— YOUR TASK —
Any picture in the data below gets skipped; print all the rest exactly.

— DATA TO PROCESS —
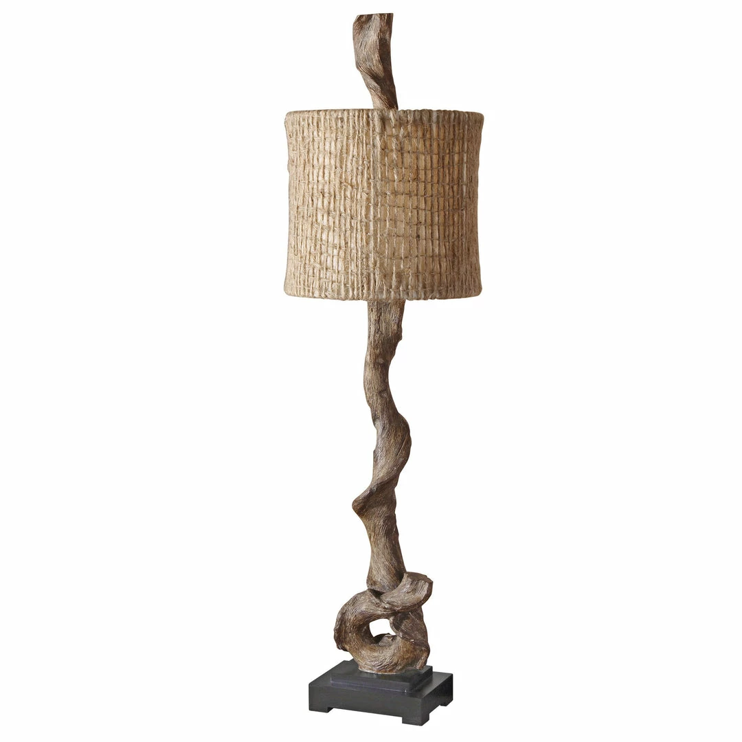 Weathered Driftwood Finish With A Matching Finial And A Matte Black Base. The Round Drum Shade Is Burlap Twine With An Open Weave Construction And A Beige Inner Liner.
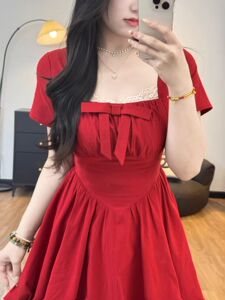 プラスサイズのフレンチレトロスクエアカラーリボンドレス女性の夏のファットmmウエスト痩身プリンセススタイルふわふわスカート
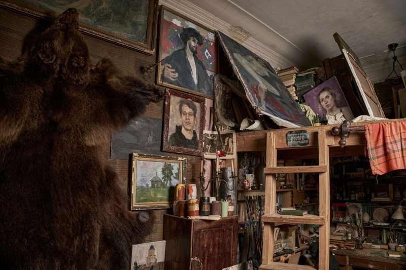 - Комната советской художницы Татьяны Милеант — настоящее пристанище творческого человека с оригинальным наслоением текстиля и множеством светильников, картинами и ворохом красок и кистей
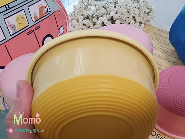 為了方便讓Momo使用,小碗我就不放蓋子,只蓋上中碗蓋子也是可以唷。
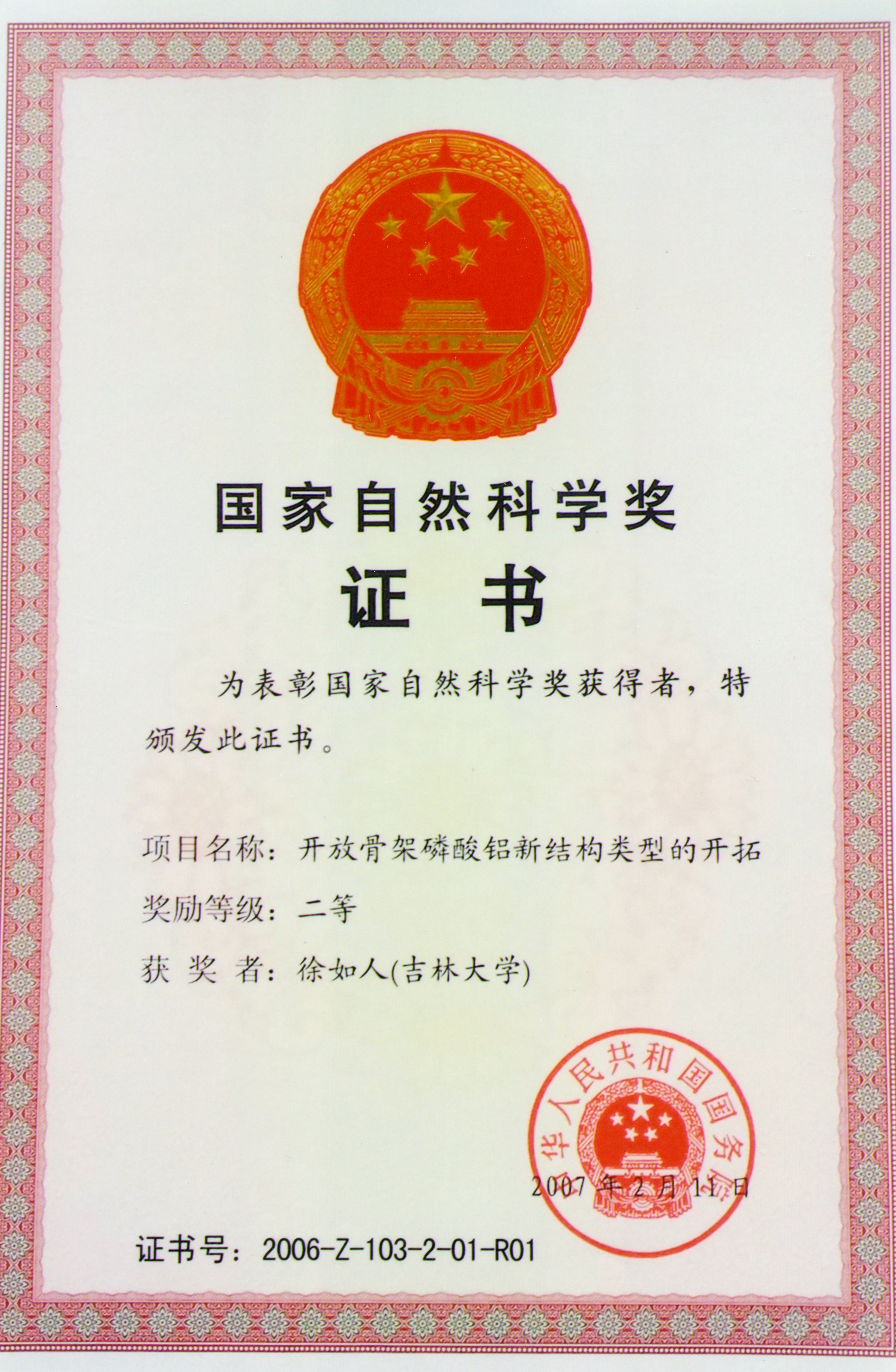 圖12:2007年,徐如人課題組獲國家自然科學二等獎證書
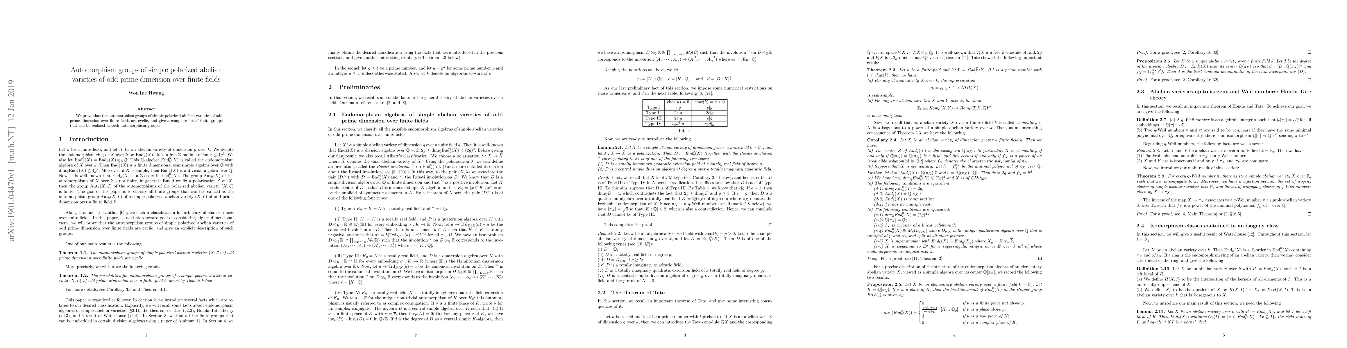 Summary: The paper demonstrates that the automorphism groups of simple polarized abelian varieties of odd prime dimension over finite fields are cyclic and provides a comprehensive enumeration of the finite groups that can serve as such automorphism groups.
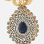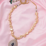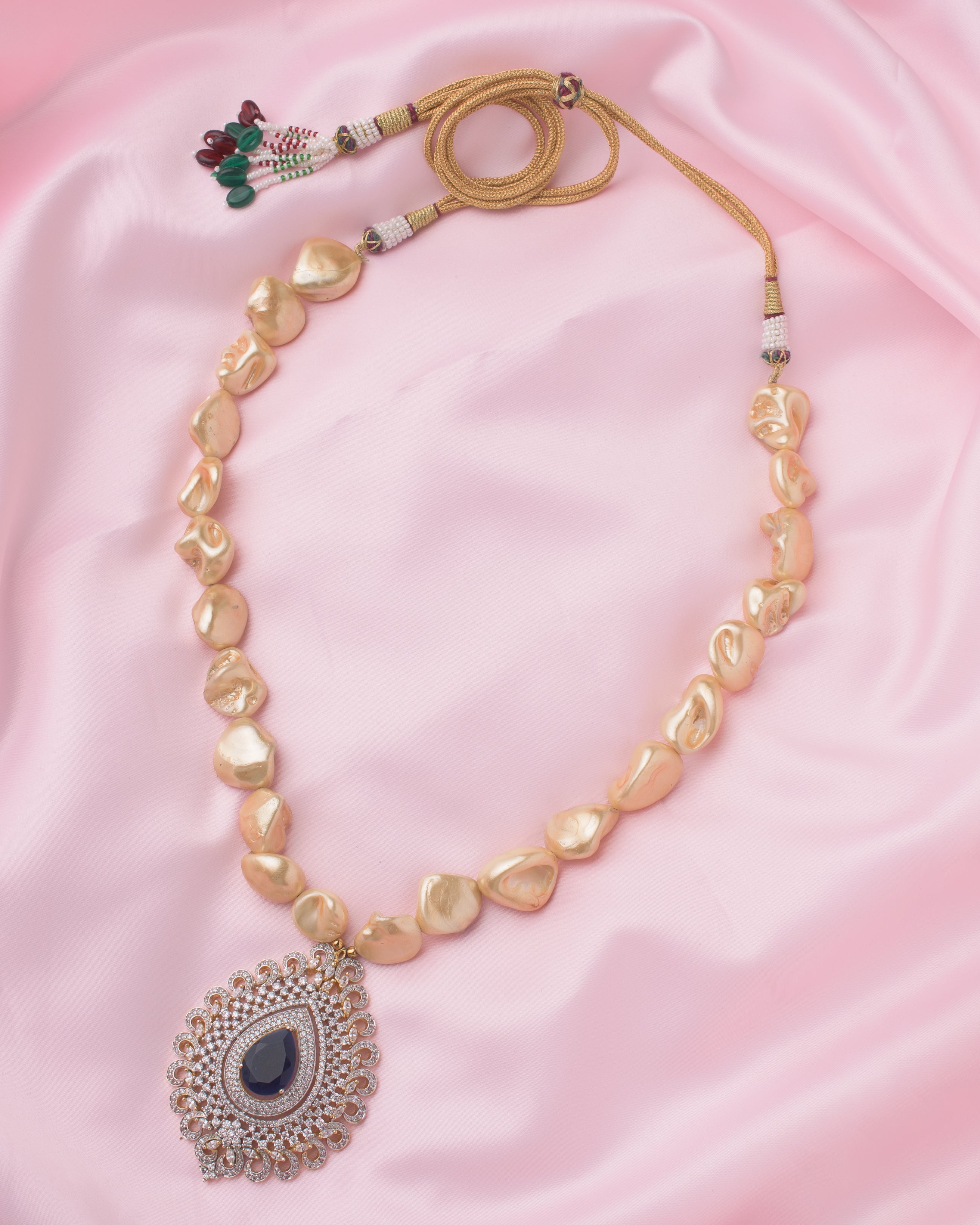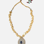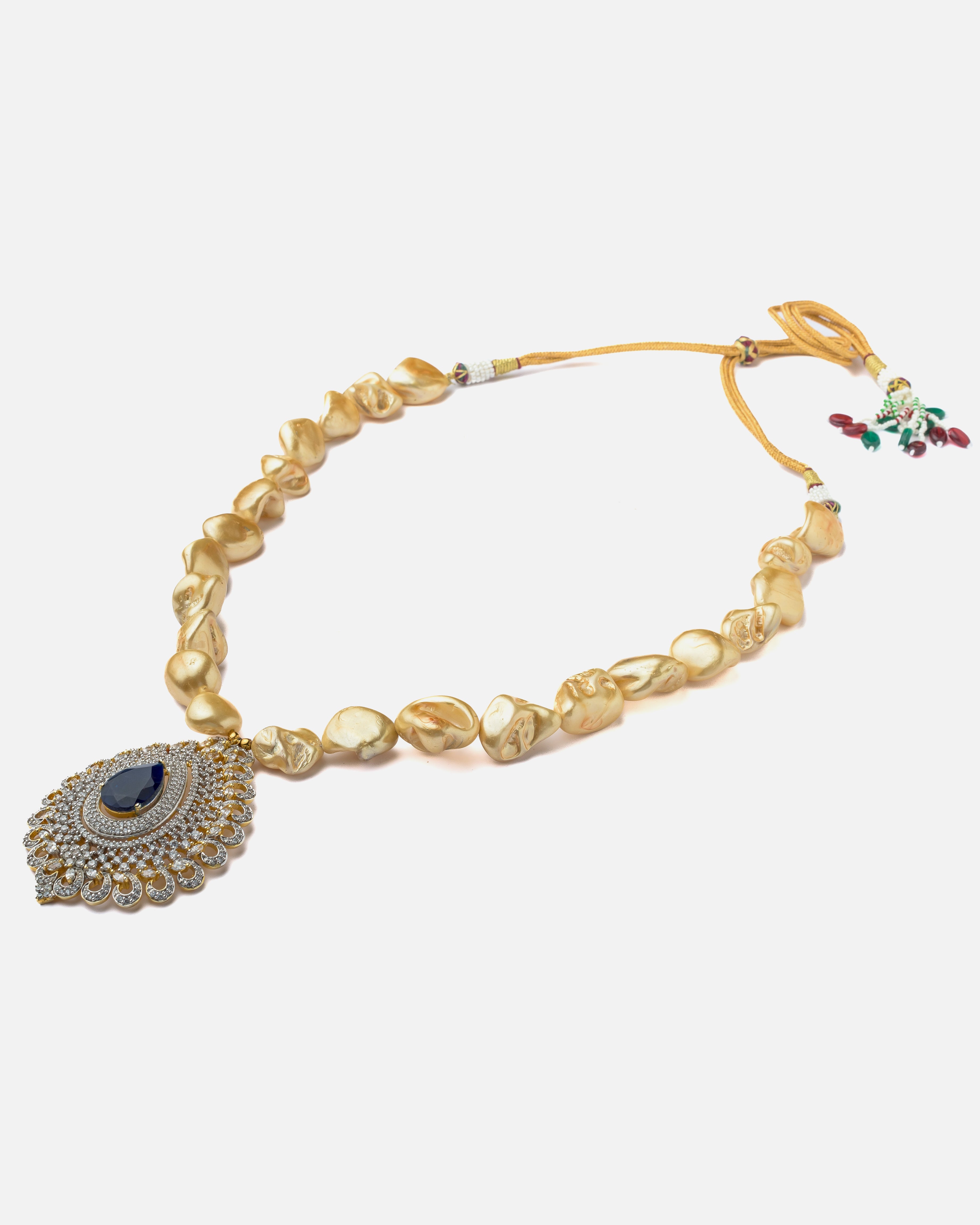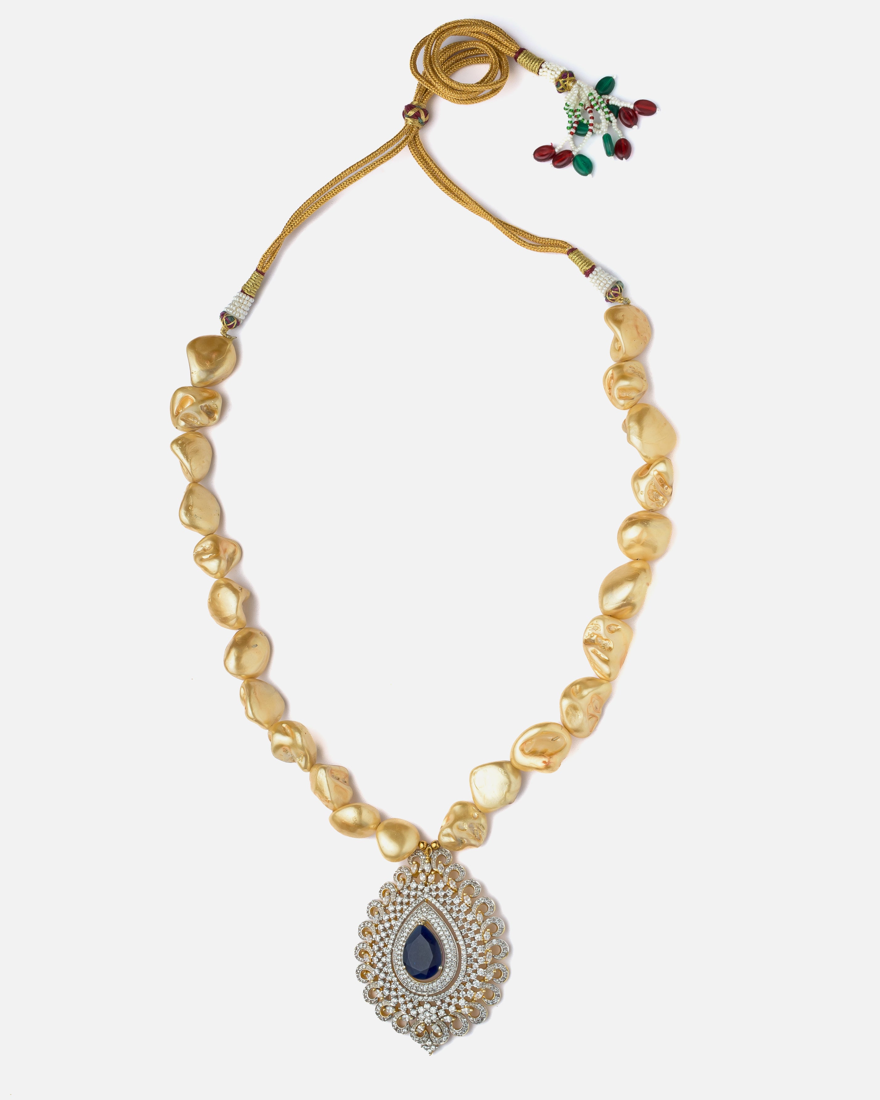 Elegant gold-toned necklace featuring textured nugget-style beads and a stunning statement pendant adorned with sparkling crystals and a deep blue gemstone. A perfect blend of tradition and luxury for special occasions.

— REPLY TO THE EXERCISE —
 Weathered Driftwood Finish With A Matching Finial And A Matte Black Base. The Round Drum Shade Is Burlap Twine With An Open Weave Construction And A Beige Inner Liner.
 プラスサイズのフレンチレトロスクエアカラーリボンドレス女性の夏のファットmmウエスト痩身プリンセススタイルふわふわスカート
 - Комната советской художницы Татьяны Милеант — настоящее пристанище творческого человека с оригинальным наслоением текстиля и множеством светильников, картинами и ворохом красок и кистей
 為了方便讓Momo使用,小碗我就不放蓋子,只蓋上中碗蓋子也是可以唷。
 圖12:2007年,徐如人課題組獲國家自然科學二等獎證書
 Summary: The paper demonstrates that the automorphism groups of simple polarized abelian varieties of odd prime dimension over finite fields are cyclic and provides a comprehensive enumeration of the finite groups that can serve as such automorphism groups.
 Elegant gold-toned necklace featuring textured nugget-style beads and a stunning statement pendant adorned with sparkling crystals and a deep blue gemstone. A perfect blend of tradition and luxury for special occasions.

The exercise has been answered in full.